_Directions_. Output only the lines below from the one holding "A young friendly" down to the one holding "宁夏回族自治区,简称宁,首府", both end lines included and every picture dropped.

_Material for this task_.
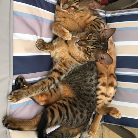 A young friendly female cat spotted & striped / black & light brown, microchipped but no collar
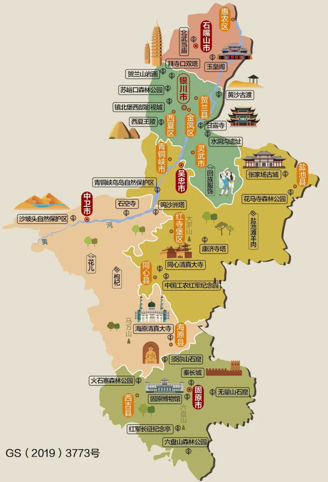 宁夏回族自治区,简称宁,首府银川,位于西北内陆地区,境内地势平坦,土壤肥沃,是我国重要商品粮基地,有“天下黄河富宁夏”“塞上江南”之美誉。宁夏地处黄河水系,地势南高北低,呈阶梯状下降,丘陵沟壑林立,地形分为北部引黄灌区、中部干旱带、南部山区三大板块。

--

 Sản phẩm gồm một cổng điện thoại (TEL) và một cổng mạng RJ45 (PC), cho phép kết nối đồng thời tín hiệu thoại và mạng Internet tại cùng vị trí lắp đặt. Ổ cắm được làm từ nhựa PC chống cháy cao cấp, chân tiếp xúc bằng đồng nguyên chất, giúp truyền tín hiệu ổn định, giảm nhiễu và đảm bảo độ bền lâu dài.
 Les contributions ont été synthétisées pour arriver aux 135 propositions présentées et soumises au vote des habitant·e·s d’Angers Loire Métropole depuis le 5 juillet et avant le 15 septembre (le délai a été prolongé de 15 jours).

_Your solution_.
 A young friendly female cat spotted & striped / black & light brown, microchipped but no collar
 宁夏回族自治区,简称宁,首府银川,位于西北内陆地区,境内地势平坦,土壤肥沃,是我国重要商品粮基地,有“天下黄河富宁夏”“塞上江南”之美誉。宁夏地处黄河水系,地势南高北低,呈阶梯状下降,丘陵沟壑林立,地形分为北部引黄灌区、中部干旱带、南部山区三大板块。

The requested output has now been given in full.